2. Barring maternal mortality, women’s longevity advantage over men’s is found in practically
all contemporary societies. At the same time, the gender gap in life expectancy in the U.S.
has varied from less than two years to almost eight years during the 20th century, and
continues to vary considerably across high-income countries. Discuss the biological and
social explanations for the gender gap in life expectancy and how these explanations account
for gendered changes in life expectancy over historical time and across nations. In doing so,
evaluate the empirical evidence for the idea that the sex gap in adult mortality will diminish
as men’s and women’s social lives become more equivalent. That is, will the sex gap in
health eventually close? If so, why? If not, why not?
3. That the married are healthier than all other marital groups is now a decades-old “social fact.”
However, recent studies paint a more nuanced picture of the relationship between marriage
and health, with attention to issues such as marital quality, life-long marital biographies, and
changes in the health status of other marital groups. Describe the current state of the evidence
for marital status differences in health. In your essay, answer the question: are the married in
better health than the unmarried?
4. Since 1995, Bruce Link and Jo Phelan have written a series of papers on “fundamental causes
of health and disease.” What exactly do Link and Phelan mean when they talk about
“fundamental causes of health and disease?” What is the best empirical evidence to date that
supports their conceptualization of fundamental causes?
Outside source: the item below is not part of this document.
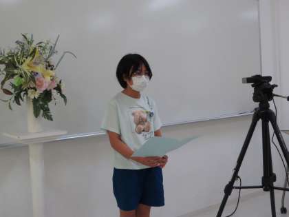 1学期の終業式が校内オンライン放送で行われました。校長先生から、1学期に見られた芝園っ子のすてきな姿を紹介してもらい、夏休み中も思いやりの心を大切にしながら元気に過ごすことを約束しました。また1、3、5年生の代表が、係の仕事やてつぼうの技、あいさつ運動など、1学期に頑張ったことを発表しました。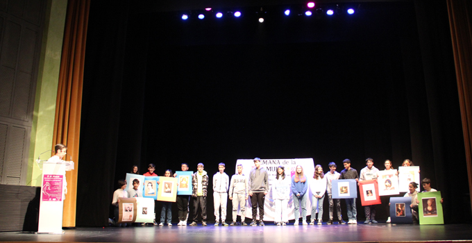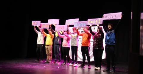 El acto, que se celebró en el Teatro Nuevo Calderón debido a la previsión de lluvia, contó con la presencia de distintas autoridades de los pueblos de la comarca, asociaciones y centros educativos, que se quisieron sumar con distintas lecturas y representaciones a la celebración del 8 de marzo.

5. Eve, a good friend of yours, approaches you for marital and fertility advice. She’s in her late
20s, white, middle-class, lives in Texas, is heterosexual, and is interested in having the
healthiest possible child(ren) with the rosiest possible socioeconomic outcomes. Taking into
account social and biological accounts of health determinants:
a. Describe Adam, an ideal composite match for Eve
b. Describe the type of family that Eve and Adam should have: where should they live?
How religious should they be? How many children should they have? What spacing?
Etc.
Then, taking into account actual patterns of stratification and social differentiation, discuss
any barriers that may prevent Eve from meeting Adam, getting married to him, and
constructing their ideal family together.